--- START ---

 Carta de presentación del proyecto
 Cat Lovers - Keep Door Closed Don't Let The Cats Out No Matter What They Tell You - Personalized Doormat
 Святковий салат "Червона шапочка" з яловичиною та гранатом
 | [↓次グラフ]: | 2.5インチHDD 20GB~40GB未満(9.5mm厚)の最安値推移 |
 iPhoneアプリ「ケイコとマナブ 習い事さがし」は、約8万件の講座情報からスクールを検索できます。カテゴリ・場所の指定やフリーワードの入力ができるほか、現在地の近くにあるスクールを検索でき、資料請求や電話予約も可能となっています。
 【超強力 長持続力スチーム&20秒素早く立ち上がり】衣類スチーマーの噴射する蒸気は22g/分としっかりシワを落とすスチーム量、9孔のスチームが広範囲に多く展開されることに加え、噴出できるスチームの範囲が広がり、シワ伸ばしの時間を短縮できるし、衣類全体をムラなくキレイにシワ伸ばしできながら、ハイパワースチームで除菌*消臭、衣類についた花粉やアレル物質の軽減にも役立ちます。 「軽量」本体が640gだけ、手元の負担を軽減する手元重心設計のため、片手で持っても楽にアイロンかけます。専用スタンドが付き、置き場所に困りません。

--- END ---
--- START ---

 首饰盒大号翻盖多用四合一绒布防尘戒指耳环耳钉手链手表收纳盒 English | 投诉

--- END ---
--- START ---

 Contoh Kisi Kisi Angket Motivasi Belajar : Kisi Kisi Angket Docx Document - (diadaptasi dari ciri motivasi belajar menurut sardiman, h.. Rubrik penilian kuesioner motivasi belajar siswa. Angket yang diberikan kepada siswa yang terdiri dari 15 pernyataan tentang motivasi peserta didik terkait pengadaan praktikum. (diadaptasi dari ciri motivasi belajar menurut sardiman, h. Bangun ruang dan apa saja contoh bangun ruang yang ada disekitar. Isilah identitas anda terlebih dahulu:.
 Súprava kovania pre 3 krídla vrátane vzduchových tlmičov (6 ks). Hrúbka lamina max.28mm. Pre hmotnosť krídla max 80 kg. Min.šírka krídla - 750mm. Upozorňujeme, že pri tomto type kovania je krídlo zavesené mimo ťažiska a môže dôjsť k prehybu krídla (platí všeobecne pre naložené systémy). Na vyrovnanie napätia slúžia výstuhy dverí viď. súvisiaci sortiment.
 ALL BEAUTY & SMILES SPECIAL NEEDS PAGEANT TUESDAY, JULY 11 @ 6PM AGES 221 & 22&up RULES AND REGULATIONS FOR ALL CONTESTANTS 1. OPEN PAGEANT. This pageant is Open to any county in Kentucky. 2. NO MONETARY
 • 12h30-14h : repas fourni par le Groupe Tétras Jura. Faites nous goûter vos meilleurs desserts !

--- END ---

What you have to do:
Give back, exactly as written, the stretch from the line with "ALL BEAUTY &" through the line with "meilleurs desserts !", and no other lines from the records above.

Answer section:
 ALL BEAUTY & SMILES SPECIAL NEEDS PAGEANT TUESDAY, JULY 11 @ 6PM AGES 221 & 22&up RULES AND REGULATIONS FOR ALL CONTESTANTS 1. OPEN PAGEANT. This pageant is Open to any county in Kentucky. 2. NO MONETARY
 • 12h30-14h : repas fourni par le Groupe Tétras Jura. Faites nous goûter vos meilleurs desserts !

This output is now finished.